→ **Data for the task**:
-------

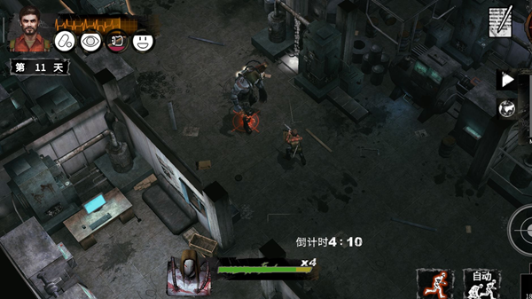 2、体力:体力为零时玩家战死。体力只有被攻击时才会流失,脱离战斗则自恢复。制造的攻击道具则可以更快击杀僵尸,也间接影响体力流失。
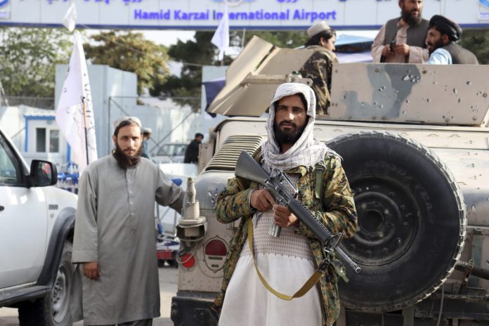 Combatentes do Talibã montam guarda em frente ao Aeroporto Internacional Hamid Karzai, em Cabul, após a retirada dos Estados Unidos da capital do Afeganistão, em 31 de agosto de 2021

-------

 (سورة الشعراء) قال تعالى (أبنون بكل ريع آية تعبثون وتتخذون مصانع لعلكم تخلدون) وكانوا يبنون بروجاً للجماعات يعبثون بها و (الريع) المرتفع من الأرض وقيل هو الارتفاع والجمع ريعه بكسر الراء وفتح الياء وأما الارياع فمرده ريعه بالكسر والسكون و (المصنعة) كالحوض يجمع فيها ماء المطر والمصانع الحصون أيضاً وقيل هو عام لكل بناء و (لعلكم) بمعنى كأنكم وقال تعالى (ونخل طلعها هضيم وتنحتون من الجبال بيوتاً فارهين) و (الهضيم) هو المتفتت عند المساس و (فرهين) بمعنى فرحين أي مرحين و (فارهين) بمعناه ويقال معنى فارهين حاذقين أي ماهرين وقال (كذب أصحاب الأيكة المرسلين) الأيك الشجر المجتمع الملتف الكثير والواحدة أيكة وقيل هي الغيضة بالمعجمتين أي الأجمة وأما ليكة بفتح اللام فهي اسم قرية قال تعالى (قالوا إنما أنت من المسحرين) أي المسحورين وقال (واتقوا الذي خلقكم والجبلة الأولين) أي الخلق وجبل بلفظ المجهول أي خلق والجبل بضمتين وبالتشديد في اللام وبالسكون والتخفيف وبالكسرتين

-------

→ **Assignment**:
Look above for the line with "2、体力:体力为零时玩家战死" and the line with "Combatentes do Talibã". Copy them and every line between, exactly, but no pictures.

→ **Expected output**:
 2、体力:体力为零时玩家战死。体力只有被攻击时才会流失,脱离战斗则自恢复。制造的攻击道具则可以更快击杀僵尸,也间接影响体力流失。
 Combatentes do Talibã montam guarda em frente ao Aeroporto Internacional Hamid Karzai, em Cabul, após a retirada dos Estados Unidos da capital do Afeganistão, em 31 de agosto de 2021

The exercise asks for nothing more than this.